Aggregates Overview
One of Sumatra's core capabilities is computing trailing-window aggregates, grouped by arbitrary entity keys.
Say you want to compute the following:
Given an IP address, find the number of unique email domains that have successfully logged into that IP in the last 10 minutes.
You would express that feature in Scowl as:
CountUnique<login>(
email_domain
by ip
where successful
last 10 minutes
)
Conceptually, an aggregate feature computes a complex SQL-like query over arbitrary past event data. In reality, Sumatra transforms this simple syntax into a combination of write-time and read-time computations that achieve low-latency serving at scale.
Syntax
The general syntax for an aggregate feature is:
Function[<scope, ...>]([value, ...]
[by key, ...]
[where condition]
[after time]
[last duration]
[limit number]
[exclusive])
Not every aggregate function supports every query element, but when supported, elements always appear in this order.
Function
Scowl includes an extensive collection of aggregate functions, including:
- Exact, e.g.
Count
,Sum
- Approximate, e.g.
DecayedCount
,DecayedSum
- Temporal, e.g.
First
,Last
- Collection, e.g.
Set
,Sequence
The chosen aggregate function dictates the reduce operation, the applicable query elements, and the feature return type.
Scope
Like all features, aggregate features are declared in the context of a particular event, meaning its value is read every time that event is seen.
Aggregates also have a scope, which specifies the event (or events) that write the values that comprise the aggregate.
Common
In common aggregates, the write scope of the aggregate is the same as its read context.
Example:
-- common aggregate: Function(query)
event purchase
spend_30d := Sum(total_price by account last 30 days)
The spend_30d
aggregate is computed during the purchase
event and, because
no other event scope is specified in the feature definition,
the raw data comprising the aggregate comes from
the purchase
event as well.
Cross-Event
Often, we want to aggregate values over one event type then fetch the result during a different event.
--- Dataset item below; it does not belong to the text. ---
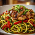 A delightful stir fry featuring tender chicken and zucchini noodles in a savory garlic sauce, perfect for busy weeknights.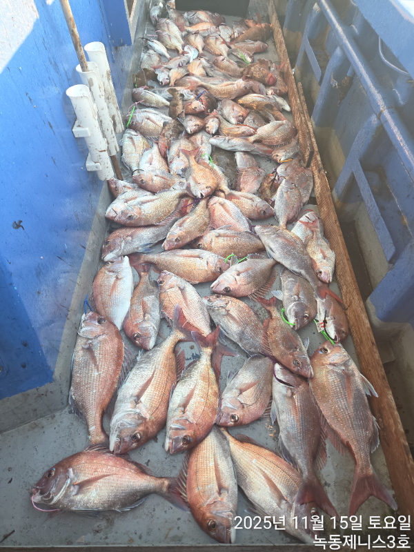| 제목 : 녹동제니스3호 15일 참돔타이라바 조황 100수오바 | ||

To do so, we can add a write scope to the feature definition.
Example:
-- cross-event aggregate: Function<scope>(query)
event purchase
address_changes_30d :=
CountUnique<billing_update>(address by account last 30 days)
By specifying <billing_update>
as the scope, the aggregate comprises values
over billing_update
events, while the final value is fetched during the
purchase
event.
A very common use case for cross-event aggregates is to use Latest
aggregates
to perform a realtime join with other event types on a common key, e.g.
-- realtime join between click and page view events
event click
experiment_id := Latest<page>(experiment_id by session_id)
It is possible to specify multiple scopes in an aggregate, which results in a union of the data across all scopes, e.g.
-- with multiple scopes, compute the aggregate over the *union* of events
activities_24h := Count<post,comment,like>(by user_id last day)
If the specified scope is the same as the feature context, it is equivalent to a common aggregate, e.g.
-- the two features are equivalent
event page
page_views1 := Count(by session_id)
page_views2 := Count<page>(by session_id)
Value
The aggregate's value appears at the start of the aggregate query, specifying
the feature (or features) to be aggregated. In rare cases, like Count
and LatestTime
, the value may be ommitted.
Average(session_time by user_id) -- single value
Latest(path, search by session_id) -- multiple values (comma-separated)
Count(by account_id) -- no value (value=1 is used)
When multiple values are supported (in aggregates like Latest
and First
),
the return type is a struct.
Note that the feature(s) declared as the value must exist in the event specified as the aggregate's scope.
By key
The aggregate's key appears after the by
keyword and determines how
events are grouped prior to aggregation. Also, the key determines
the index used to "look up" the value at read-time. A compound key may be assembled
by listing multiple comma-separated keys.
Typically, the read and write key are the same, but sometimes it is desirable to use different keys at write-time and read-time. This flexibility is particularly helpful in cross-event aggregates where the foreign key may be named differently.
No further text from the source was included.